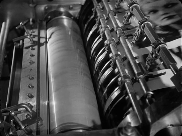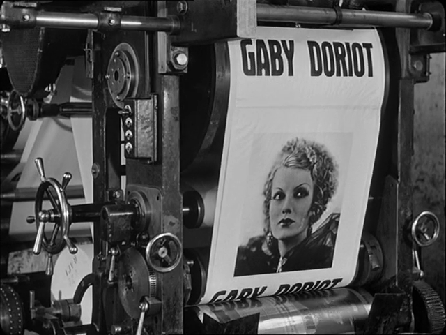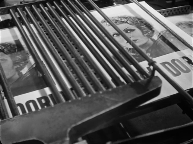 A cena seguinte sublinha esta mesma noção de movimento. Numa sucessão de planos, uma máquina imprime uma série de cartazes em que se vê a actriz Isa Miranda, lendo-se também o nome da sua personagem. Estes breves planos voltam a sublinhar que esta figura existe associada, por um lado, aos regimes da representação e da referencialidade (a imagem e o nome) e, por outro, ao movimento e ao ritmo (ela funcionará, veremos também adiante, como uma máquina de produção de imagens de cinema – o movimento circular do disco no início, aliás, replica também o movimento da bobine).
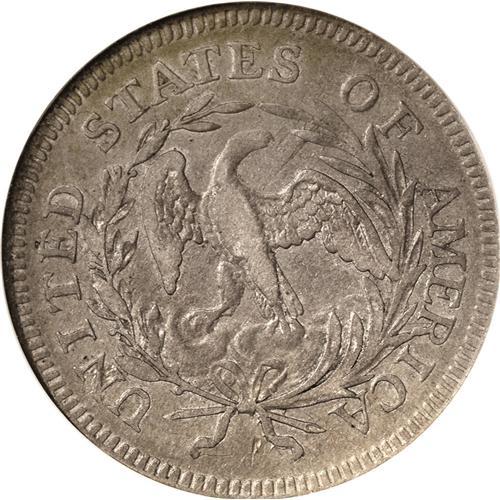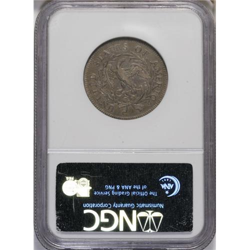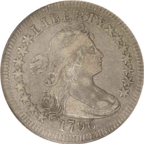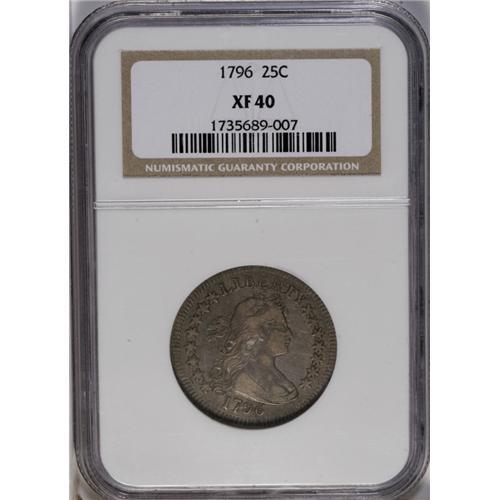 <B>1796<25C> XF40 NGC.</B></I> High 6. B-2, R.3. Two varieties are known for the Draped Bust, Small Eagle quarter dollar coinage, a single year design and the first year of issue for the denomination. The two varieties can be quickly distinguished by the position of the digit 6, high and almost touching the bust on this B-2 variety, and lower, nearly centered between the bust and border, on the rarer B-1 variety. The next quarter dollar issue, struck eight years later in 1804, has the new Heraldic Eagle design. Mintage of these early issues was limited with just 6,146 quarters produced in 1796 and 6,738 more in 1804. It is reasonable to assume that the 1796 calendar year mintage corresponds with the actual production of coins bearing the 1796 date. One researcher, Robert Hilt, claimed that the 1796 B-1 variety was actually struck in 1804! He further claimed that the survival rate for the early quarter dollars was only 1.32%, a figure that is much too low. His figures suggest that only about 170 quarter dollars survive from both years, 1796 and 1804. The actual survival rate is probably more in the order of 8% to 10%, or about 1,000 to 1,200 examples for both years.<BR> The present example is an attractive, well balanced, copper-gray representative, perfectly centered, with strong dentils around both sides. Faint mint luster still radiates from the surfaces, and examination under a loupe reveals no marks worthy of singular mention. The eagle's head and clouds below show the characteristic softness always found on the reverse of the B-2, the more common of the two varieties for the year. A desirable coin sure to appeal to a number of audiences.
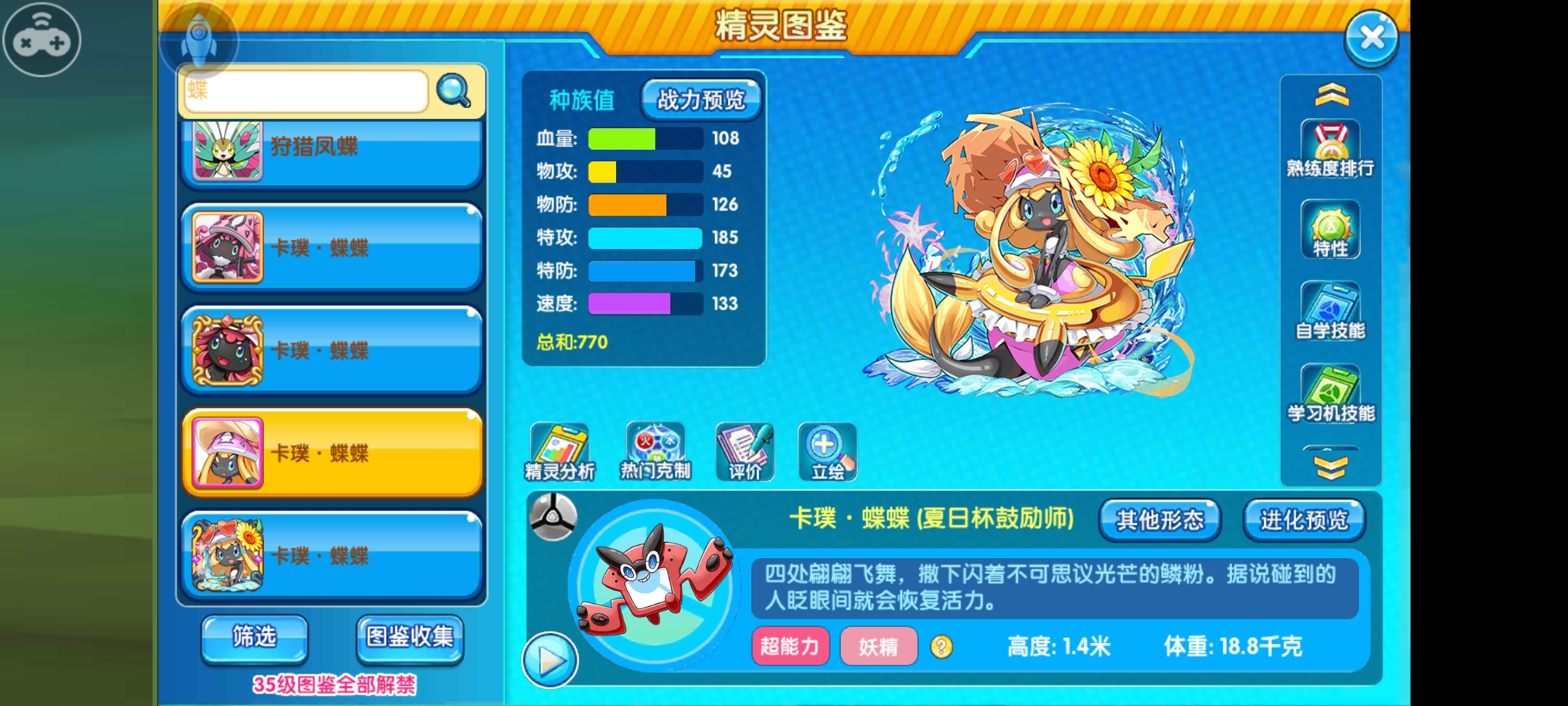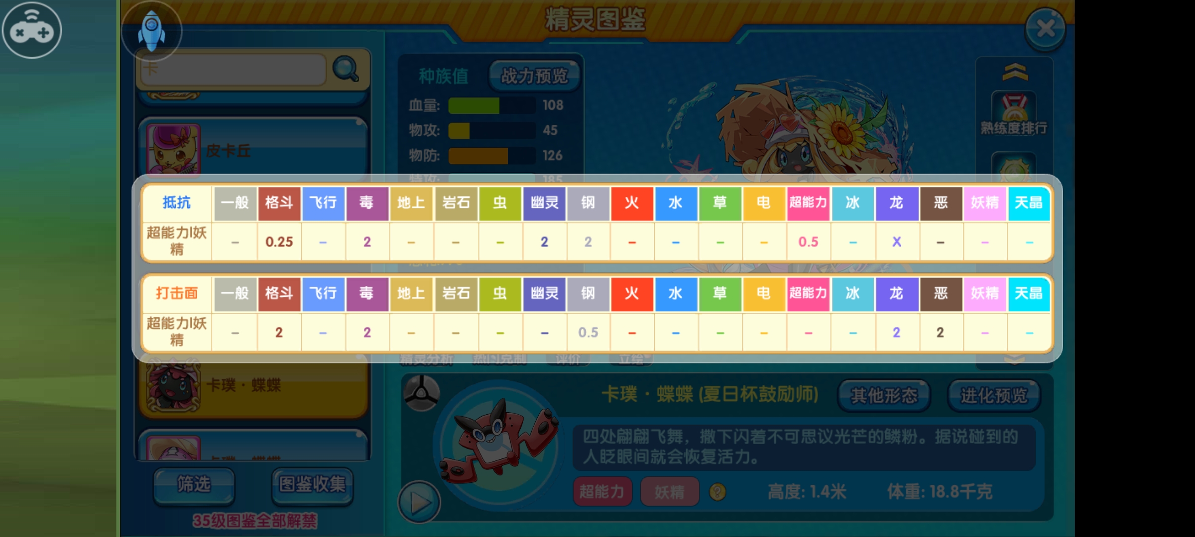 卡噗蝶蝶(夏日杯鼓励师)是一只超能+妖精的双属性精灵。 属性弱点只有3个(毒、幽灵、钢),被克制的这3个打击面都不算特别主流。抵抗格斗、超能还可以免疫龙。这样看的话优秀的种族值搭配还不错的抗性可以让其成为一个不错的联防精灵。
○ ○ ○ ○ ○ ○ ○
Write out the whole listing exactly. Pictures stay out.

 A cena seguinte sublinha esta mesma noção de movimento. Numa sucessão de planos, uma máquina imprime uma série de cartazes em que se vê a actriz Isa Miranda, lendo-se também o nome da sua personagem. Estes breves planos voltam a sublinhar que esta figura existe associada, por um lado, aos regimes da representação e da referencialidade (a imagem e o nome) e, por outro, ao movimento e ao ritmo (ela funcionará, veremos também adiante, como uma máquina de produção de imagens de cinema – o movimento circular do disco no início, aliás, replica também o movimento da bobine).
 <B>1796<25C> XF40 NGC.</B></I> High 6. B-2, R.3. Two varieties are known for the Draped Bust, Small Eagle quarter dollar coinage, a single year design and the first year of issue for the denomination. The two varieties can be quickly distinguished by the position of the digit 6, high and almost touching the bust on this B-2 variety, and lower, nearly centered between the bust and border, on the rarer B-1 variety. The next quarter dollar issue, struck eight years later in 1804, has the new Heraldic Eagle design. Mintage of these early issues was limited with just 6,146 quarters produced in 1796 and 6,738 more in 1804. It is reasonable to assume that the 1796 calendar year mintage corresponds with the actual production of coins bearing the 1796 date. One researcher, Robert Hilt, claimed that the 1796 B-1 variety was actually struck in 1804! He further claimed that the survival rate for the early quarter dollars was only 1.32%, a figure that is much too low. His figures suggest that only about 170 quarter dollars survive from both years, 1796 and 1804. The actual survival rate is probably more in the order of 8% to 10%, or about 1,000 to 1,200 examples for both years.<BR> The present example is an attractive, well balanced, copper-gray representative, perfectly centered, with strong dentils around both sides. Faint mint luster still radiates from the surfaces, and examination under a loupe reveals no marks worthy of singular mention. The eagle's head and clouds below show the characteristic softness always found on the reverse of the B-2, the more common of the two varieties for the year. A desirable coin sure to appeal to a number of audiences.
 卡噗蝶蝶(夏日杯鼓励师)是一只超能+妖精的双属性精灵。 属性弱点只有3个(毒、幽灵、钢),被克制的这3个打击面都不算特别主流。抵抗格斗、超能还可以免疫龙。这样看的话优秀的种族值搭配还不错的抗性可以让其成为一个不错的联防精灵。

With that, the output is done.